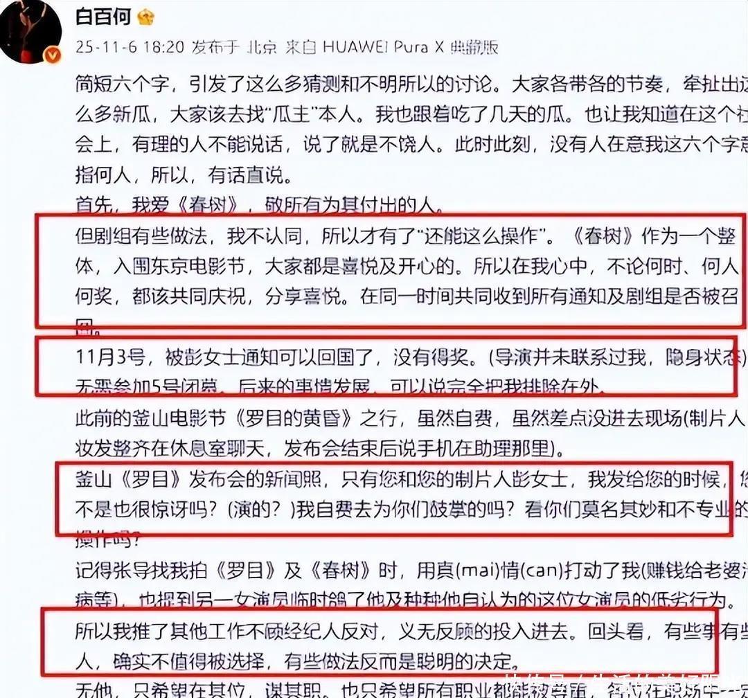 白百何当初推了所有工作接下这角色,11月6号直接发文怼人,说导演和制片人之前卖惨求合作,现在用完就扔。
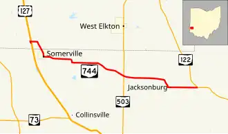 State Route 744 (SR 744) is an east–west state highway in southwestern Ohio, a U.S. state. The western terminus of SR 744 is at its junction with US 127 a distance of 1 mile (1.6 km) northwest of Somerville. The eastern terminus of the state route is at a T-intersection with SR 122 approximately 1.50 miles (2.41 km) east of the village of Jacksonburg.
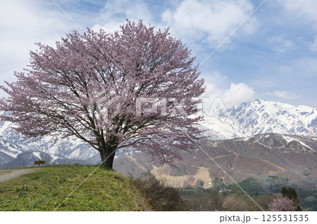 満開の野平の一本桜と残雪の白馬三山 長野県白馬村
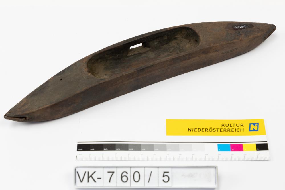 Webschiffchen mit Ausnehmung für eine Spule.
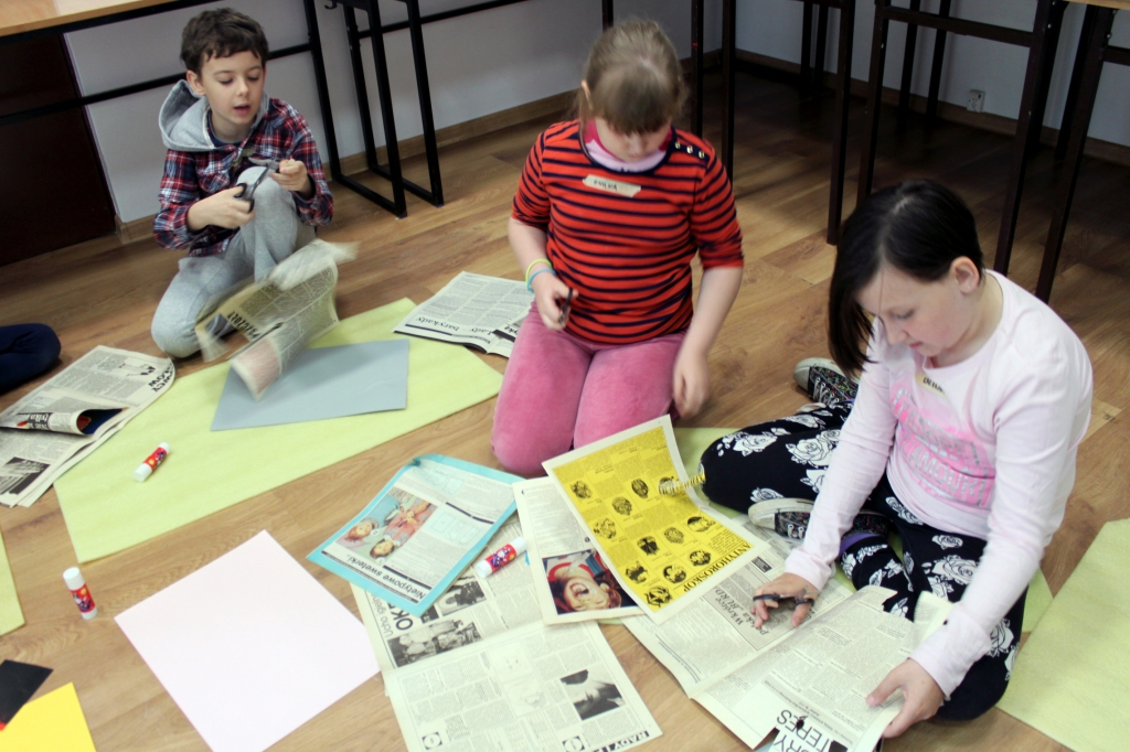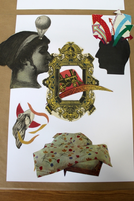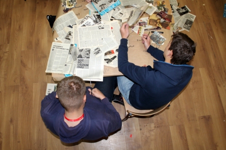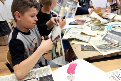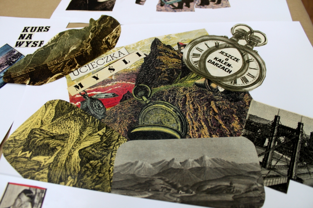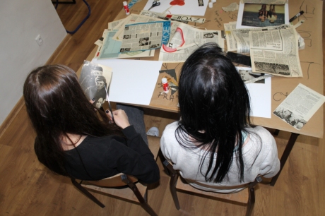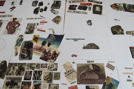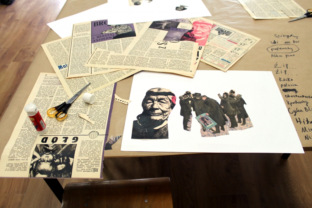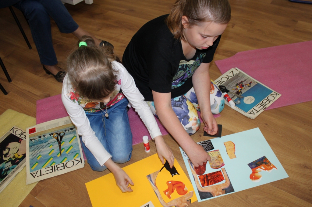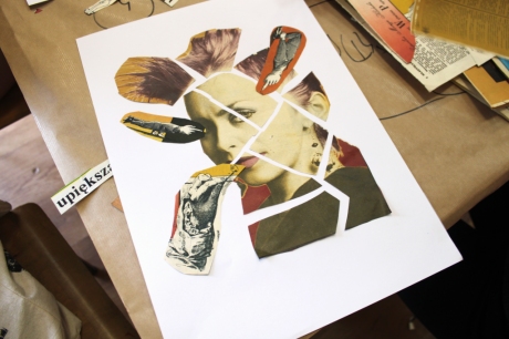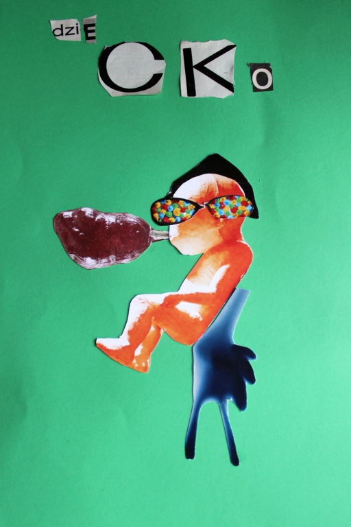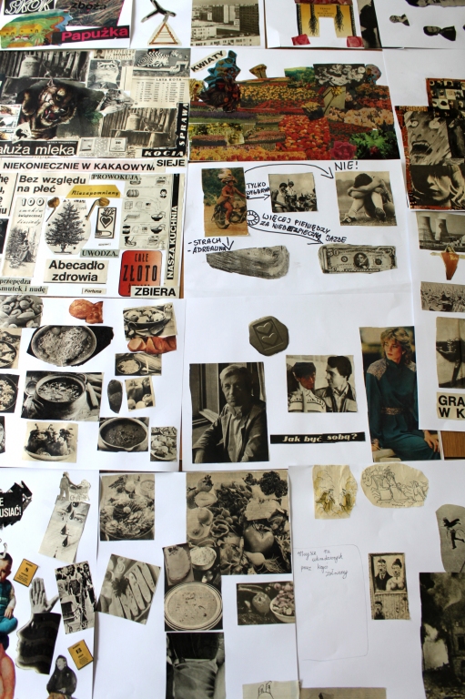 Warsztaty rozpoczęliśmy od napisania wielu słów, które nam przychodzą do głowy. Następnie każdy wybrał jedno, które przedstawił w wizualny sposób, używając zdjęć znalezionych w gazetach. Powstałe fotomontaże/kolaże pokazały takie słowa jak m.in.: opieka, wow, rodzina, sen.
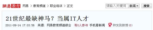 网易教育讯:21世纪是信息的时代 ,IT应用触及社会每一个角落。 金融 、电信、 电子商务、欧美及对日软件外包等行业和领域的迅猛发展 ,毋庸置疑会带来专业软件开发人才需求数量的大幅增长。同时随着我国互联网行业的全面复苏以及网络应用在更高层次上的大规模展开,我国的网络人才需求也在全新的层面上逐步呈现了出来。
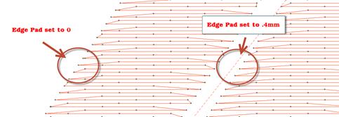 There are uses for fills that have much wider spacing between rows; trapunto effects for example. In a fill that has low density – where the stitches are really far apart -- you may want the traveling stitches to go along the outside of the shape, rather than under the rows where they would interfere with the desired visual effect. This is accomplished by checking the ‘Travel edge” box.
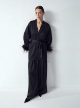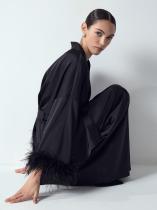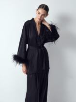 Чёрная блуза-пеньюар с поясом дополнена съемными перьями на рукавах. Они создают настроение праздника и радуют нежными прикосновениями к коже. Декор крепится на пуговицах с потайными шлевками: есть снять перья, места крепления абсолютно незаметны. Ткань с содержанием вискозы красиво струится. В комплекте с брюками и топом из комплекта получится шикарный монохромный образ, который не останется незамеченным.
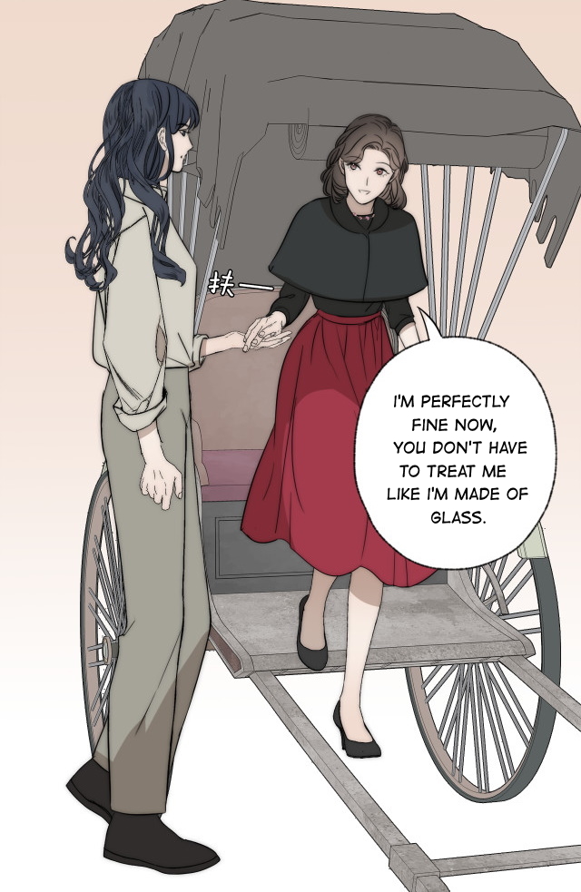 Later that evening, Yan Wei and Xu Youyi arrive back at the studio. Yan Wei carefully hands Xu Youyi down from the rickshaw.
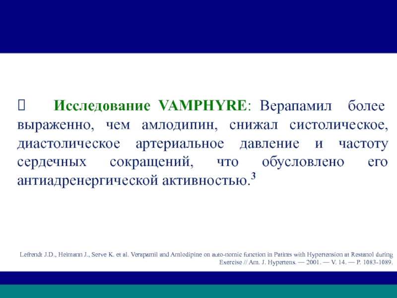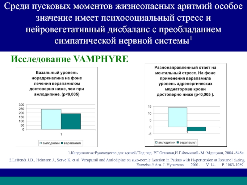 2.Lefrendt J.D., Heimann J., Serve K. et al. Verapamil and Amlodipine on auto-nomic function in Patints with Hypertension at Restanol during Exercise // Am. J. Hypertens. — 2001. — V. 14. — P. 1083-1089.
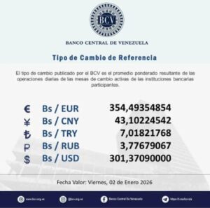 El Banco Central de Venezuela (BCV) actualizó las tasas cambiarias que estarán vigentes para el viernes 2 de enero.
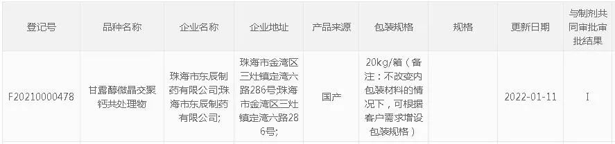 東辰制藥又一共處理輔料登記號(hào)在CDE公示了。此輔料名為T(mén)opfiller-OD?甘露醇微晶交聚鈣共處理物,型號(hào)TMF965,登記號(hào)F20210000478。
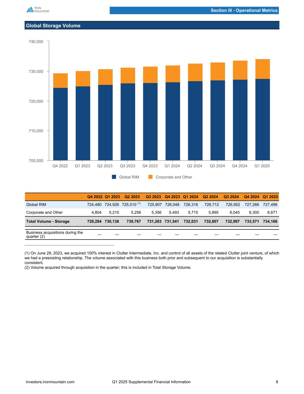 Global Storage Volume Global RIM Corporate and Other Q4 2022 Q1 2023 Q2 2023 Q3 2023 Q4 2023 Q1 2024 Q2 2024 Q3 2024 Q4 2024 Q1 2025 700,000 710,000 720,000 730,000 740,000 Q4 2022 Q1 2023 Q2 2023 Q3 2023 Q4 2023 Q1 2024 Q2 2024 Q3 2024 Q4 2024 Q1 2025 Global RIM 724,480 724,926 725,510 (1) 725,907 726,048 726,316 726,712 726,952 727,266 727,496 Corporate and Other 4,804 5,210 5,256 5,356 5,493 5,715 5,895 6,045 6,305 6,671 Total Volume - Storage 729,284 730,136 730,767 731,263 731,541 732,031 732,607 732,997 733,571 734,166 Business acquisitions during the quarter (2) — — — — — — — — — — (1) On June 29, 2023, we acquired 100% interest in Clutter Intermediate, Inc. and control of all assets of the related Clutter joint venture, of which we had a preexisting relationship. The volume associated with this business both prior and subsequent to our acquisition is substantially consistent. (2) Volume acquired through acquisition in the quarter; this is included in Total Storage Volume. Section III - Operational Metrics investors.ironmountain.com Q1 2025 Supplemental Financial Information 8

**WHAT IS EXPECTED**
The answer must be the listing above, restated word for word, with no images in it.

**THE ANSWER**
 白百何当初推了所有工作接下这角色,11月6号直接发文怼人,说导演和制片人之前卖惨求合作,现在用完就扔。
 State Route 744 (SR 744) is an east–west state highway in southwestern Ohio, a U.S. state. The western terminus of SR 744 is at its junction with US 127 a distance of 1 mile (1.6 km) northwest of Somerville. The eastern terminus of the state route is at a T-intersection with SR 122 approximately 1.50 miles (2.41 km) east of the village of Jacksonburg.
 満開の野平の一本桜と残雪の白馬三山 長野県白馬村
 Webschiffchen mit Ausnehmung für eine Spule.
 Warsztaty rozpoczęliśmy od napisania wielu słów, które nam przychodzą do głowy. Następnie każdy wybrał jedno, które przedstawił w wizualny sposób, używając zdjęć znalezionych w gazetach. Powstałe fotomontaże/kolaże pokazały takie słowa jak m.in.: opieka, wow, rodzina, sen.
 网易教育讯:21世纪是信息的时代 ,IT应用触及社会每一个角落。 金融 、电信、 电子商务、欧美及对日软件外包等行业和领域的迅猛发展 ,毋庸置疑会带来专业软件开发人才需求数量的大幅增长。同时随着我国互联网行业的全面复苏以及网络应用在更高层次上的大规模展开,我国的网络人才需求也在全新的层面上逐步呈现了出来。
 There are uses for fills that have much wider spacing between rows; trapunto effects for example. In a fill that has low density – where the stitches are really far apart -- you may want the traveling stitches to go along the outside of the shape, rather than under the rows where they would interfere with the desired visual effect. This is accomplished by checking the ‘Travel edge” box.
 Чёрная блуза-пеньюар с поясом дополнена съемными перьями на рукавах. Они создают настроение праздника и радуют нежными прикосновениями к коже. Декор крепится на пуговицах с потайными шлевками: есть снять перья, места крепления абсолютно незаметны. Ткань с содержанием вискозы красиво струится. В комплекте с брюками и топом из комплекта получится шикарный монохромный образ, который не останется незамеченным.
 Later that evening, Yan Wei and Xu Youyi arrive back at the studio. Yan Wei carefully hands Xu Youyi down from the rickshaw.
 2.Lefrendt J.D., Heimann J., Serve K. et al. Verapamil and Amlodipine on auto-nomic function in Patints with Hypertension at Restanol during Exercise // Am. J. Hypertens. — 2001. — V. 14. — P. 1083-1089.
 El Banco Central de Venezuela (BCV) actualizó las tasas cambiarias que estarán vigentes para el viernes 2 de enero.
 東辰制藥又一共處理輔料登記號(hào)在CDE公示了。此輔料名為T(mén)opfiller-OD?甘露醇微晶交聚鈣共處理物,型號(hào)TMF965,登記號(hào)F20210000478。
 Global Storage Volume Global RIM Corporate and Other Q4 2022 Q1 2023 Q2 2023 Q3 2023 Q4 2023 Q1 2024 Q2 2024 Q3 2024 Q4 2024 Q1 2025 700,000 710,000 720,000 730,000 740,000 Q4 2022 Q1 2023 Q2 2023 Q3 2023 Q4 2023 Q1 2024 Q2 2024 Q3 2024 Q4 2024 Q1 2025 Global RIM 724,480 724,926 725,510 (1) 725,907 726,048 726,316 726,712 726,952 727,266 727,496 Corporate and Other 4,804 5,210 5,256 5,356 5,493 5,715 5,895 6,045 6,305 6,671 Total Volume - Storage 729,284 730,136 730,767 731,263 731,541 732,031 732,607 732,997 733,571 734,166 Business acquisitions during the quarter (2) — — — — — — — — — — (1) On June 29, 2023, we acquired 100% interest in Clutter Intermediate, Inc. and control of all assets of the related Clutter joint venture, of which we had a preexisting relationship. The volume associated with this business both prior and subsequent to our acquisition is substantially consistent. (2) Volume acquired through acquisition in the quarter; this is included in Total Storage Volume. Section III - Operational Metrics investors.ironmountain.com Q1 2025 Supplemental Financial Information 8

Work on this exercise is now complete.